Radeon RX 5500 XT: 69 FPS - 100%
Radeon RX 6500 XT: 66 FPS - 95% www.techpowerup.com/review/asus-radeon-rx-6500-xt-tuf-gaming/30.html
Radeon RX 7400 XT | 7500: 105 FPS - 152%
RX 5500 XT 8GB - 200$
Launched December 2019
At that time AMD's highest part was the Radeon VII 16GB retailing for 700$.
So, today's RX 7500 was launched for 270$, while the current AMD's highest part is Radeon RX 7900 XTX 24GB for 1000$.
So:
RX 5500 XT: 200$
RX 7500: 270$ (35% more)
Radeon VII: 700$
Radeon RX 7900 XTX: 1000$ (43% more)
The 7600 gives over 50% more fps in current games than the 5500 XT did when new. This means that the 7600 is a higher-tier card and should cost more, which it does.
Instead you could argue that there should be a 7500 that delivers 75 fps at $200 or $170 which would make actual sense though such a product seems unlikely to exist any more.

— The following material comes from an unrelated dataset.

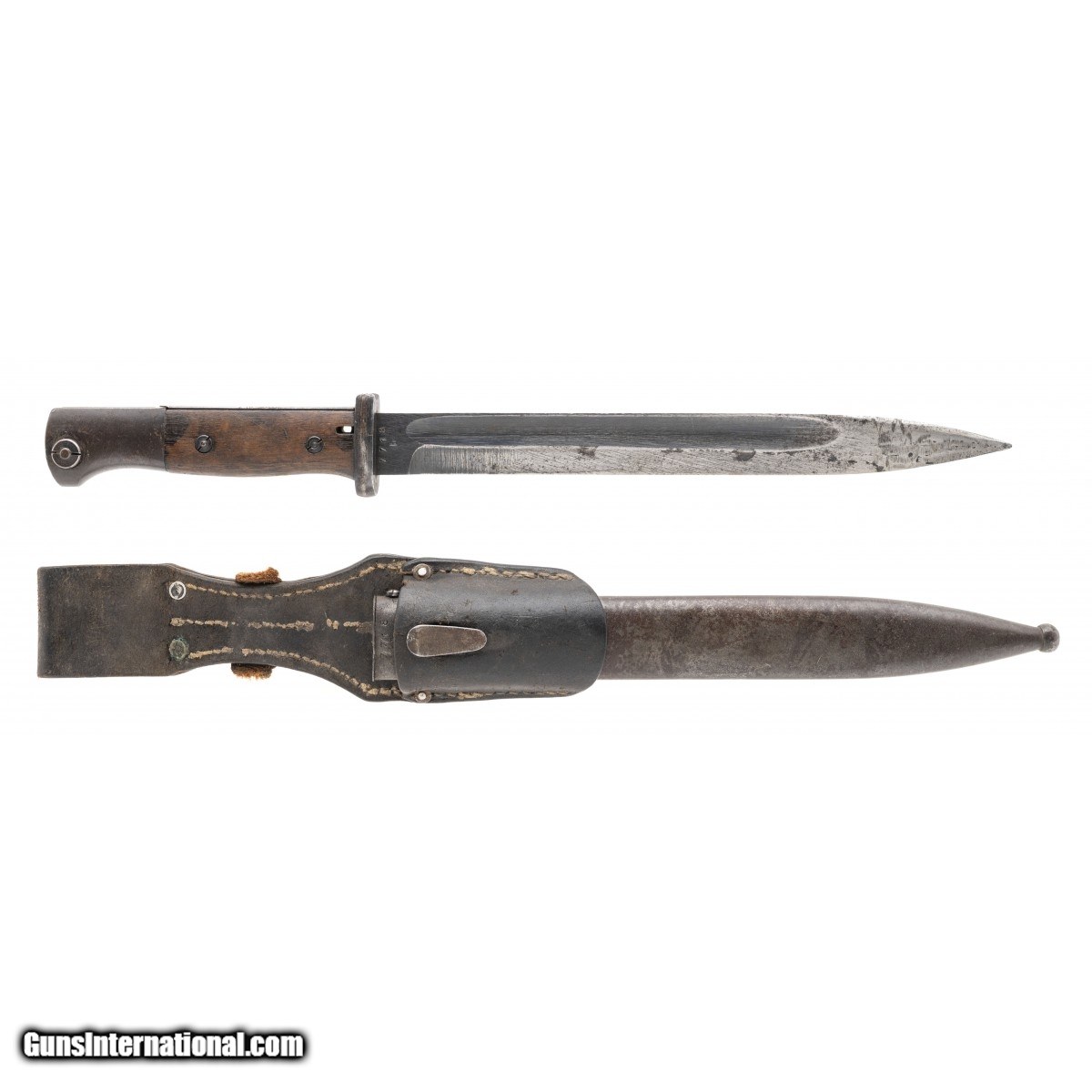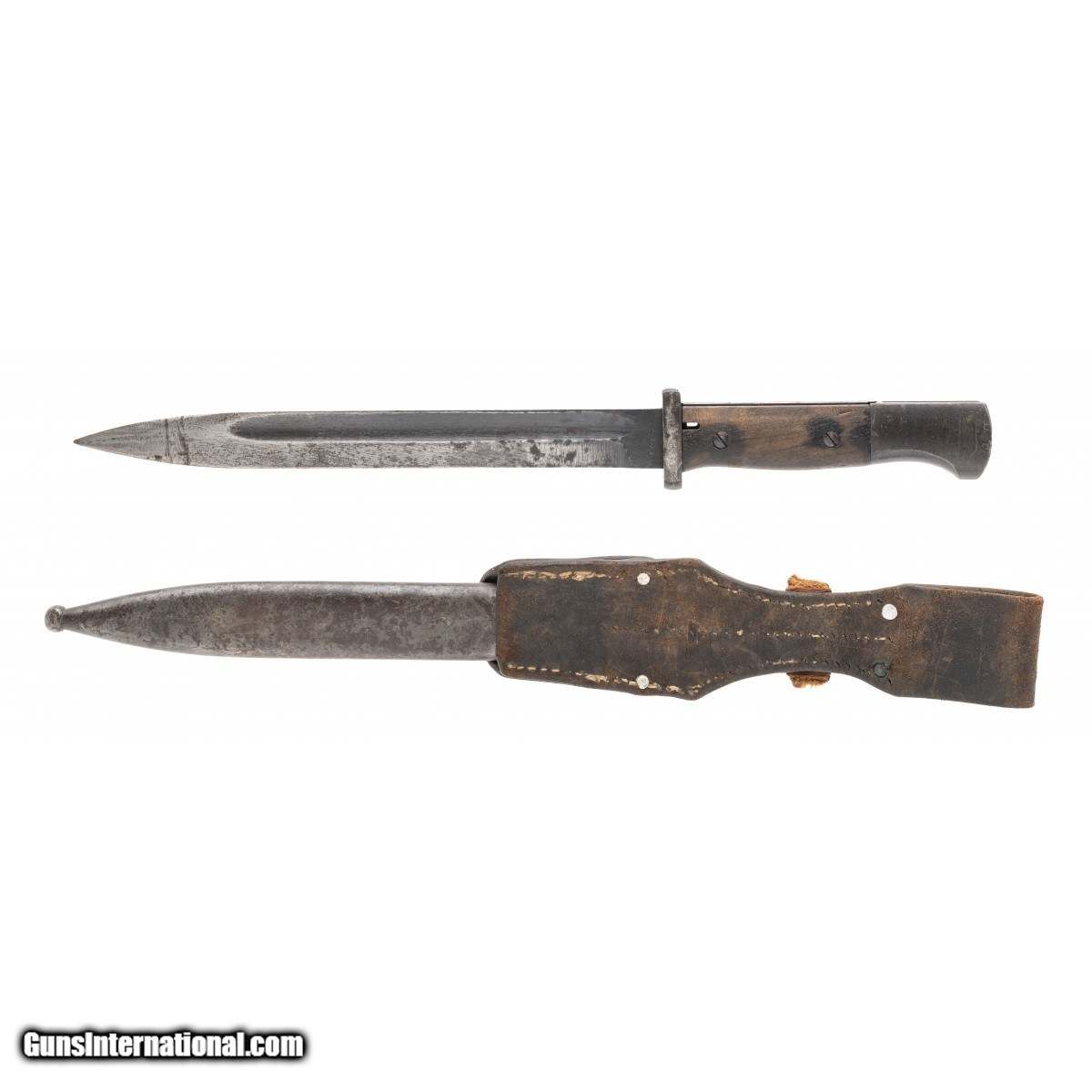 Description: " M1884/98 Mauser bayonet with matching scabbard and frog. Blade measures 10"" with an overall length of 15"". Blade is in good condition with scabbard wear present. Scabbard has brown patina throughout. Overall condition is good. SOLD |

Sapphire 7600 Pulse starts from $400+ bucks, with no coupons, and included either. And that's about 35 stores. None of them. And many do not even have a warranty.
Be it RX7500 class card, the performance bump over previous gen 6650XT (which was a bit higher level card) would be much bigger, and would really show generational uplift. But these shenanigans with class/grade and artificial segmentation, simply the "downlplay" the entire progress, which used to be a normal for gen to gen uplift.